Leave out the pictures and retype exactly the lines from the line with "Thực hiện Công" through the end of the listing below.
-- SOURCE MATERIAL follows --
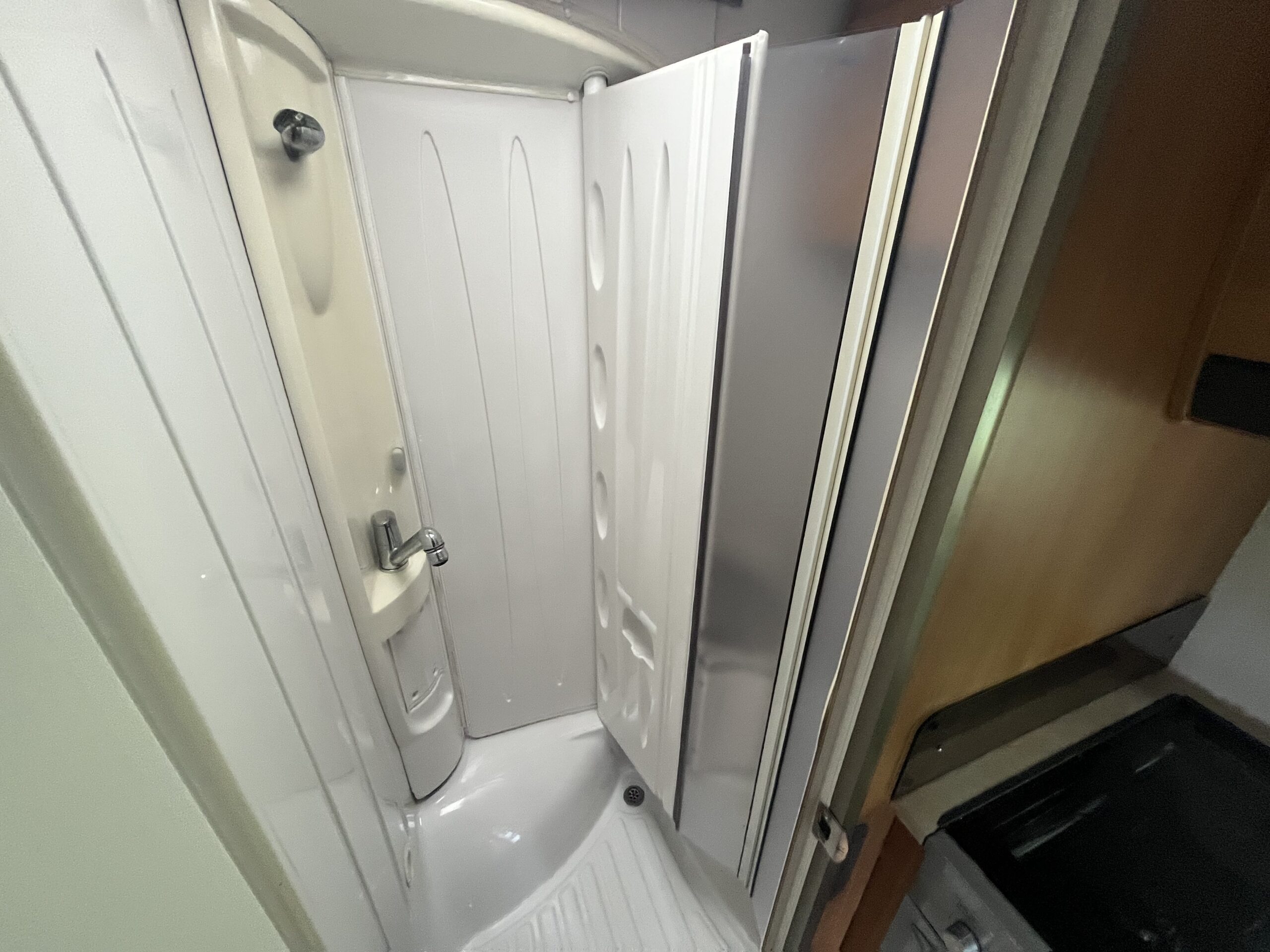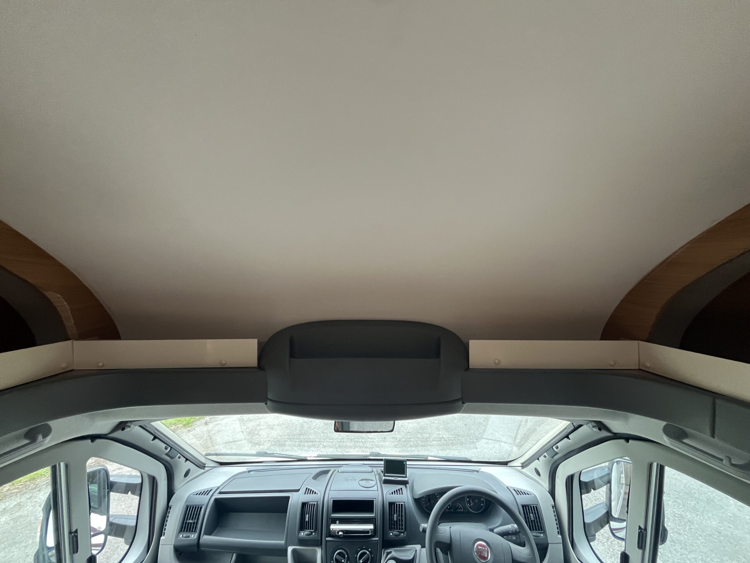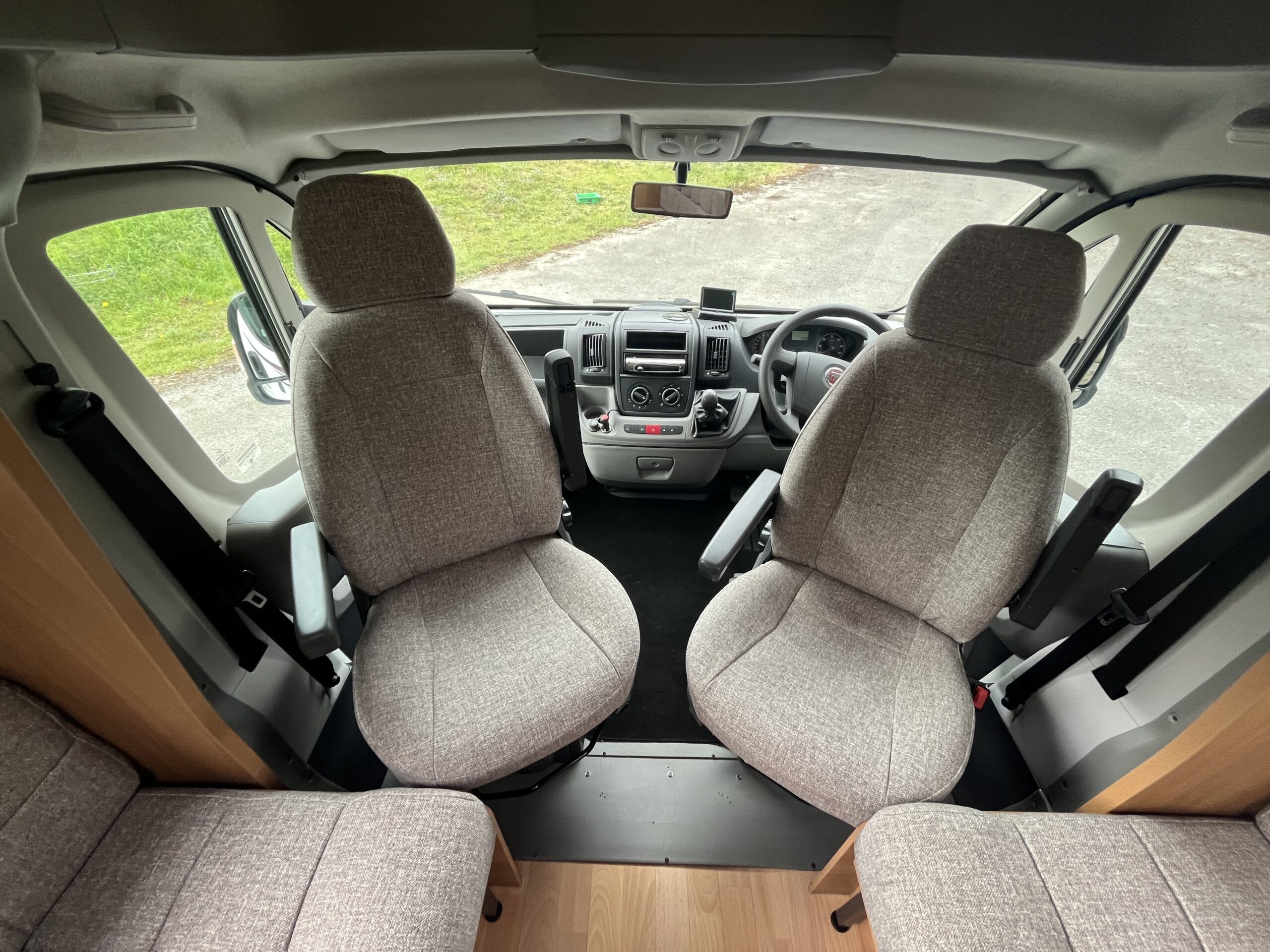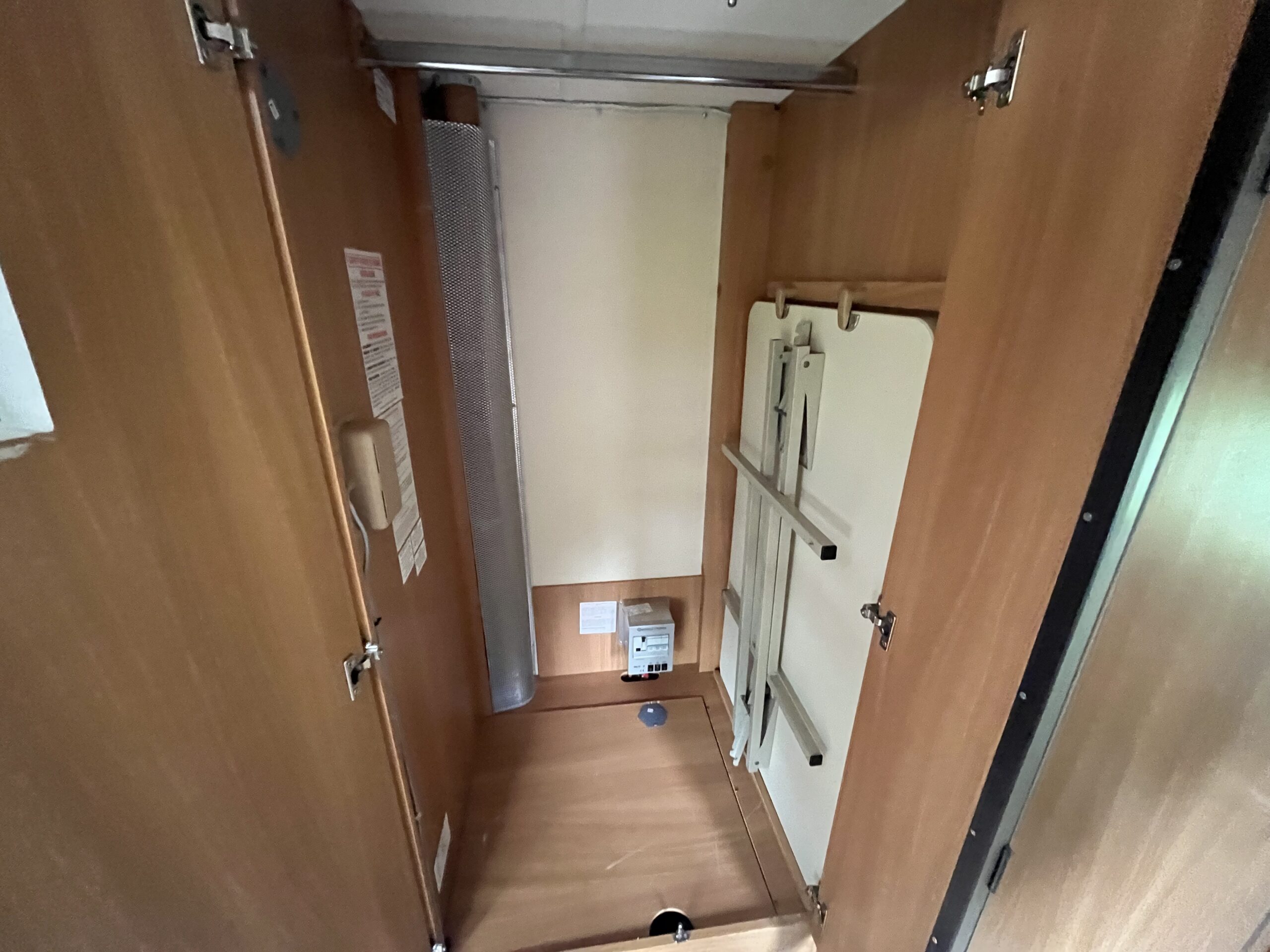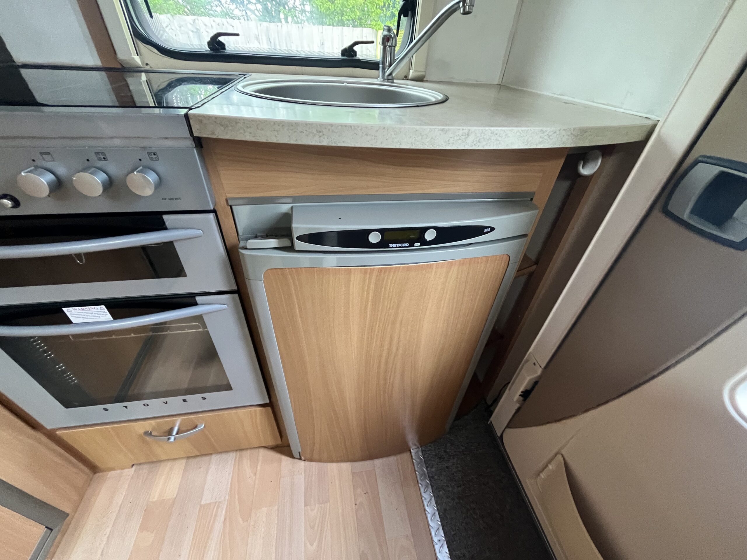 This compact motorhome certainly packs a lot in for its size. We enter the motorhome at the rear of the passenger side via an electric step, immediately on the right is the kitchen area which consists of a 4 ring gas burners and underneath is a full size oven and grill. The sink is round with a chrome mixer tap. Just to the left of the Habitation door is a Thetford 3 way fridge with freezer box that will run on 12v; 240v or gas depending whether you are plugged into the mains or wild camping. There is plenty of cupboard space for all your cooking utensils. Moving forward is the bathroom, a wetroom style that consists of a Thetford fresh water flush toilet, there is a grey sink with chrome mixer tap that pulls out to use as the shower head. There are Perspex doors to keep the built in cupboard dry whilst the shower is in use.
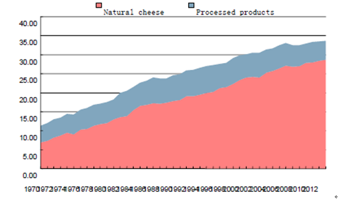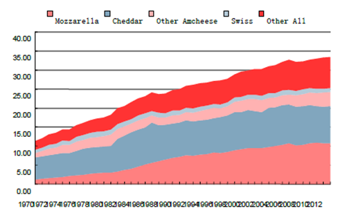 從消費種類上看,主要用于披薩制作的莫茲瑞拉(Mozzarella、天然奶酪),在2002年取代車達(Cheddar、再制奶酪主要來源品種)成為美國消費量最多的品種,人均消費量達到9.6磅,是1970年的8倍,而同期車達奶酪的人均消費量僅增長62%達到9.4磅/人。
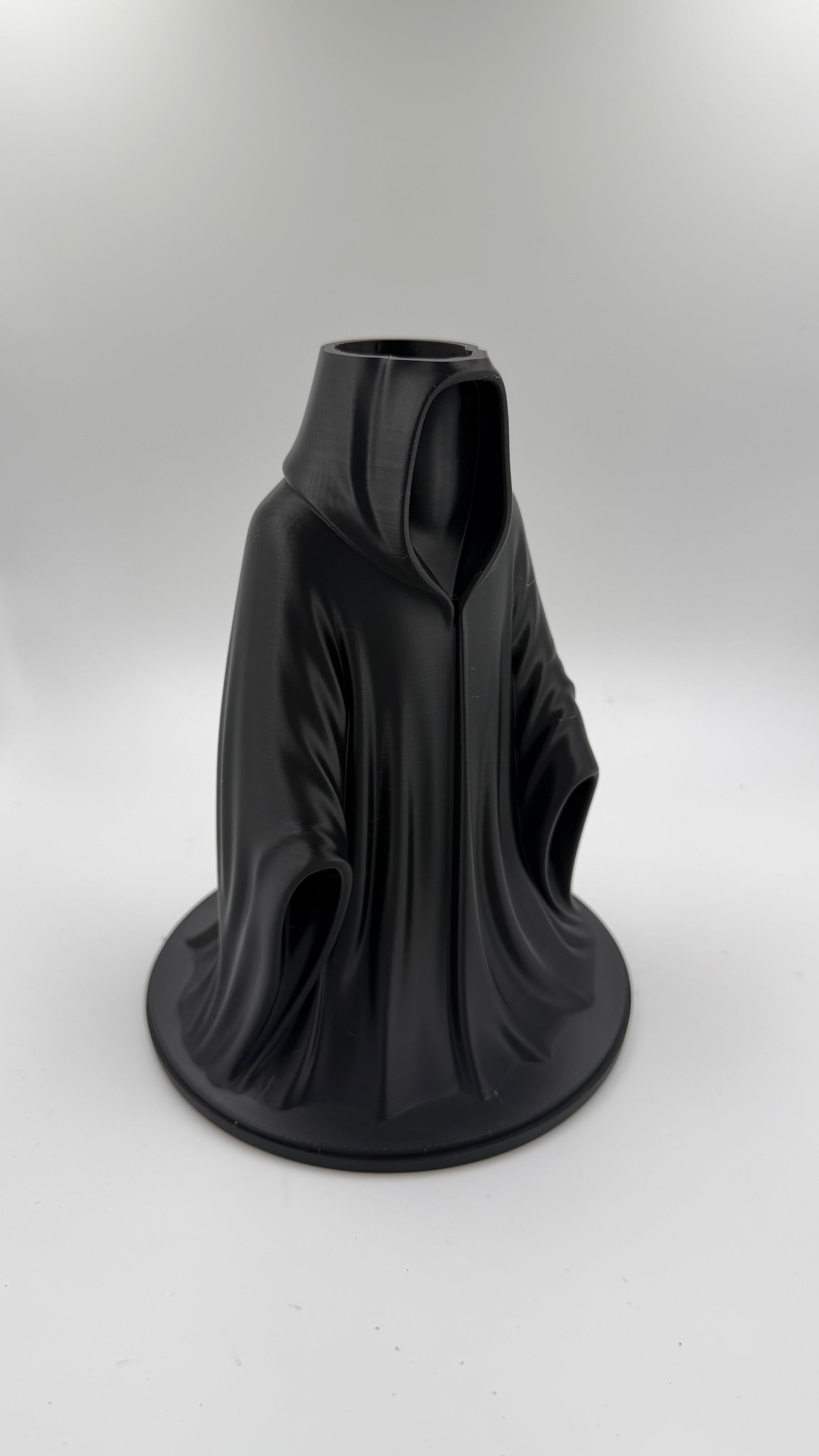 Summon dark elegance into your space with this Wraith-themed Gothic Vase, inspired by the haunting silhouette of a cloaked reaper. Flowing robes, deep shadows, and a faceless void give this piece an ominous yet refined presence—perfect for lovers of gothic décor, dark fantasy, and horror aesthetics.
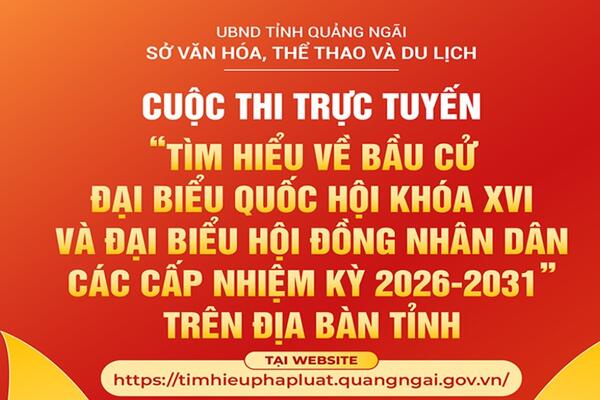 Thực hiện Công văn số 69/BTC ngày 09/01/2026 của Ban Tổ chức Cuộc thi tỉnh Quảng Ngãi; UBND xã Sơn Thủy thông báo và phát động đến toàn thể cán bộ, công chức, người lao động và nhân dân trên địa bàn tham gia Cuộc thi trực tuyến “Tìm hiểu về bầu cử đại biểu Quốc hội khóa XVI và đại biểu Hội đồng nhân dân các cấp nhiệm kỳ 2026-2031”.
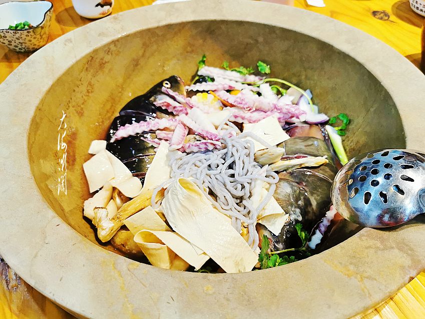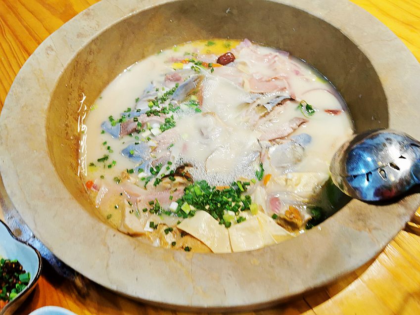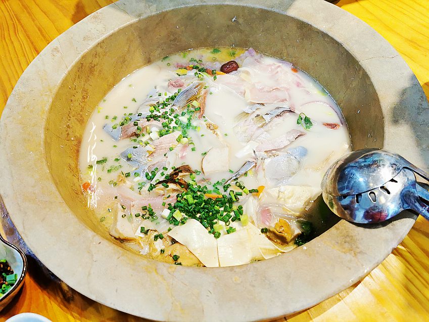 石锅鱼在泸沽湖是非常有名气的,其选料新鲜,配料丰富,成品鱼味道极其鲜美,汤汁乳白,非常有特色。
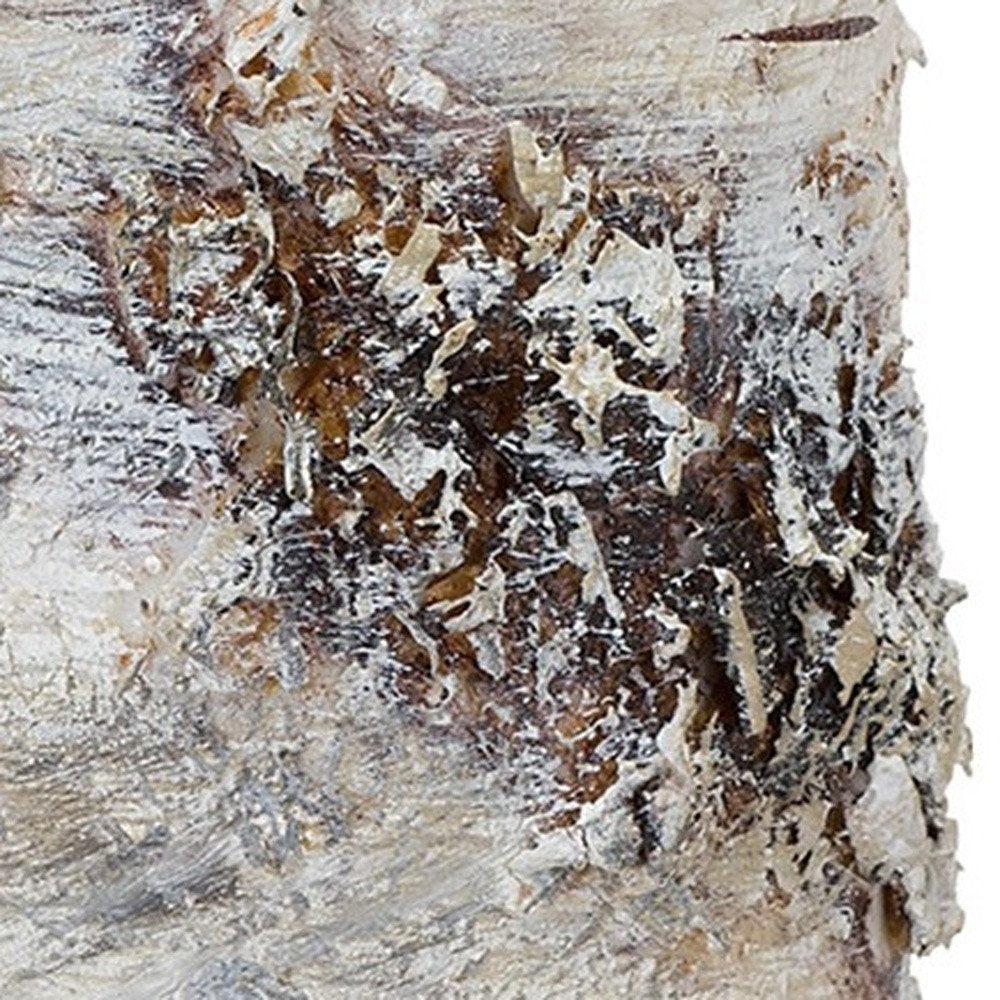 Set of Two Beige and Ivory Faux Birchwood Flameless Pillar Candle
-- SOURCE MATERIAL concluded --
SOLUTION FOR THIS TASK:
 Thực hiện Công văn số 69/BTC ngày 09/01/2026 của Ban Tổ chức Cuộc thi tỉnh Quảng Ngãi; UBND xã Sơn Thủy thông báo và phát động đến toàn thể cán bộ, công chức, người lao động và nhân dân trên địa bàn tham gia Cuộc thi trực tuyến “Tìm hiểu về bầu cử đại biểu Quốc hội khóa XVI và đại biểu Hội đồng nhân dân các cấp nhiệm kỳ 2026-2031”.
 石锅鱼在泸沽湖是非常有名气的,其选料新鲜,配料丰富,成品鱼味道极其鲜美,汤汁乳白,非常有特色。
 Set of Two Beige and Ivory Faux Birchwood Flameless Pillar Candle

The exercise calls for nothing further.